A Newsweek headlined barked "Take two eyes of newt and call me in the morning." The New England Journal of Medicine says out-of-pocket expenditures for unconventional therapy easily exceed $10 billion a year. The Healthcare Forum Journal speaks of the mainstreaming of alternative medicine.
And now a struggling inner-city hospital recently acquired by investor-owned powerhouse Columbia/HCA Healthcare Corp. is affiliating with a holistic medicine facility.
Grant Hospital, located in the bed-bloated North Side of Chicago, hopes its link with Chicago Holistic Center will attract new revenues from patients interested in a preventive, organic approach to healthcare (July 25, p. 10).
These Columbia/HCA strategists aren't dummies. If it takes yoga, acupuncture, seminars and other holistic planks to build an integrated delivery network, then so be it.
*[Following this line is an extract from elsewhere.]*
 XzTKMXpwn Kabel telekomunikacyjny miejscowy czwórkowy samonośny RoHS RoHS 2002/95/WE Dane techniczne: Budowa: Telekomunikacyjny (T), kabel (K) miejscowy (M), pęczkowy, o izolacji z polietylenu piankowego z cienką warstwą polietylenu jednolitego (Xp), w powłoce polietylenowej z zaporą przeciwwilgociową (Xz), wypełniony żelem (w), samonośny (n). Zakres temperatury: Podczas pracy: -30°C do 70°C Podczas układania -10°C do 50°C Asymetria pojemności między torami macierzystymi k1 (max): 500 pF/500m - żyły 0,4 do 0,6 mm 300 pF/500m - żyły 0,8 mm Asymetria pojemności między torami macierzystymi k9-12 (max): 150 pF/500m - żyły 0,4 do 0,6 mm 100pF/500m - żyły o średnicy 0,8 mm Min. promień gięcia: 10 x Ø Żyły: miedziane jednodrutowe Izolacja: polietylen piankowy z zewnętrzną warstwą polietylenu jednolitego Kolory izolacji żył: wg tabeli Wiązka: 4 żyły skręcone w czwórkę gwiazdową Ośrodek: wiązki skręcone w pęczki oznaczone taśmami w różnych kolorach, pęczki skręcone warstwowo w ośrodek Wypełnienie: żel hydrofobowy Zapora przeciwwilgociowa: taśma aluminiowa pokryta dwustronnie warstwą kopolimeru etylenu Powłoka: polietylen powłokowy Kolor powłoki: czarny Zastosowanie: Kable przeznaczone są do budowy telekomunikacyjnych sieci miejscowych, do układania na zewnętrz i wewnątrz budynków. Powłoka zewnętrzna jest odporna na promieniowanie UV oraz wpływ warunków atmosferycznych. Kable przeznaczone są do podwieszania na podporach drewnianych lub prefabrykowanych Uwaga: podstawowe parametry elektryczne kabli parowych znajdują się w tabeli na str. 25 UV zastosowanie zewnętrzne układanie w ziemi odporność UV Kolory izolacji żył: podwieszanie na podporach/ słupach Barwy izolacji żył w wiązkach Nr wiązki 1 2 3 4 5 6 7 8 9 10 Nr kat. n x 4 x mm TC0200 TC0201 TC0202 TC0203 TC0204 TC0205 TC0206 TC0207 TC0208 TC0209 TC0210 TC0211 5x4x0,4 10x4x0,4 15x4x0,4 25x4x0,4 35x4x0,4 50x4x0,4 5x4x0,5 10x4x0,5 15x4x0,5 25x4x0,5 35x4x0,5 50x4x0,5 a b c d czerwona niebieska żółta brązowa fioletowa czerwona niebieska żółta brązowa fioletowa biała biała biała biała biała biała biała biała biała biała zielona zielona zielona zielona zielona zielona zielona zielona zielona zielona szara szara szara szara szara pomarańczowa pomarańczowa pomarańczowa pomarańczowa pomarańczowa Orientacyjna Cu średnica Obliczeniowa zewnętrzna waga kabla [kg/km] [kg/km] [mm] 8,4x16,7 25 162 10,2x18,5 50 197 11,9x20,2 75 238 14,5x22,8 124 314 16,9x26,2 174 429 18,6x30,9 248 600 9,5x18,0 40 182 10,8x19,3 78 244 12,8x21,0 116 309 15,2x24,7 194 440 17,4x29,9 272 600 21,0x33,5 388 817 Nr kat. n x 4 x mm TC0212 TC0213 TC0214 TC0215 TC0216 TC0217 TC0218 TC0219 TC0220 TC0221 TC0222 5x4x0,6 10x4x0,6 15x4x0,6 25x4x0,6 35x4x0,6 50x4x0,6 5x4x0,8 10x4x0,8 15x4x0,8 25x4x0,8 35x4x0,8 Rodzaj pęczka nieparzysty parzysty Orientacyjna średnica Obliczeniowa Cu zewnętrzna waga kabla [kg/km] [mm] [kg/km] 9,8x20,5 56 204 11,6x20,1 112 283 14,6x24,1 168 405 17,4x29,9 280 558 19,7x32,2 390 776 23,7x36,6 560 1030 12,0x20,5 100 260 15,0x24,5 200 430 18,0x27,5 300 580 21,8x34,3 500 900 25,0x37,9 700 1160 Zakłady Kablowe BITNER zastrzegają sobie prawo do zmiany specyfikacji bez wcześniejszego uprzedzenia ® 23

In fact, alternative therapy could spark a more sensible, cost-effective approach for certain patients. If the Grant experiment proves fruitful, it could be replicated in other Columbia/HCA markets. Meanwhile, the leadership and risk-taking exercised by the multibillion-dollar hospital chain could prompt more employers, insurers and managed-care plans to consider alternative medicine options.
But what payers and providers really need is more evidence of the efficacy of unconventional treatment. We're encouraged that the National Institutes of Health and Columbia University have established centers to research alternative medicine.
It's clear that health-conscious Americans are interested in alternatives to operating and testing. Now it's time for the American Hospital Association, the American Medical Association and other professional groups to explore and evaluate the turf. A study on member attitudes and use of alternative treatments is an obvious starting point.